Un festival du film généré par intelligence artificielle, organisé par la ville de Nice. Les 11 et 12 avril 2025, le World AI Film Festival (WAiFF) s’installe dans le sud de la France, avec tapis rouge, panels de discussion, invités prestigieux et projections de films créés ou co-créés par des intelligences artificielles.
Et là, forcément, une question surgit : est-ce qu’on est en train de promouvoir une technologie… qui va justement remplacer les artistes ?
La IA qui éclipse de plus en plus le travail des artistes
Plus rapide, plus performante, moins coûteuse, à première vue la IA a tout pour plaire. Ces derniers mois, entre les logiciels comme DALL-E qui dessinent des tableaux en 15 secondes, Chat-GPT qui transforme une image en style Ghibli en trois clics, les IA musicales qui copient des styles (et des voix !), et maintenant des courts-métrages créés via des prompts, on sent bien que la frontière entre art et automatisation est en train de fondre.
Le WAiFF, selon ses organisateurs, vise à “explorer les nouvelles formes de création tout en respectant l’héritage artistique”. Mais soyons lucides : derrière le discours très innovation & créativité, il y a une réalité beaucoup moins sexy.
Celle d’un monde culturel où les temps de production sont raccourcis, les coûts drastiquement réduits… et les créateurs humains mis de plus en plus sur la touche.

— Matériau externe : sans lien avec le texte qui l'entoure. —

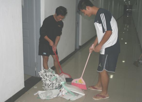 学生会和青年志愿者协会全体成员来到梅三,打扫了新生即将入住的宿舍。

Où est réellement le problème avec un festival comme celui-ci ?
Est-ce qu’on assiste à la naissance d’un nouveau genre artistique ou à l’euthanasie en douceur de l’art traditionnel ?
Ce qui dérange, ce n’est pas tant que l’IA soit utilisée comme outil, après tout, Photoshop et les VFX ne datent pas d’hier. Le souci, c’est le passage progressif vers une création sans humain. Pas de scénariste, pas de storyboarder, pas de musicien. Juste un prompt bien tourné et une machine qui mouline.
Alors évidemment, sur papier, c’est pas du tout ce que le festival promeut. Au contraire, on nous parle de l’association des artistes et des IA pour créer quelque chose d’innovant. Mais franchement, si les IA se développent aussi rapidement, à quoi serviront les artistes de demain ?
Normaliser une technologie néfaste pour la créativité humaine ?
Et pourtant, le festival attire. Claude Lelouch, Julie Gayet, des producteurs, des penseurs. Le WAiFF devient un lieu où on parle avenir, mais rarement conséquences. Où est la voix des artistes plasticiens, des cinéastes indépendants, des scénaristes qui galèrent déjà à vivre ? Ils ne sont pas dans l’innovation.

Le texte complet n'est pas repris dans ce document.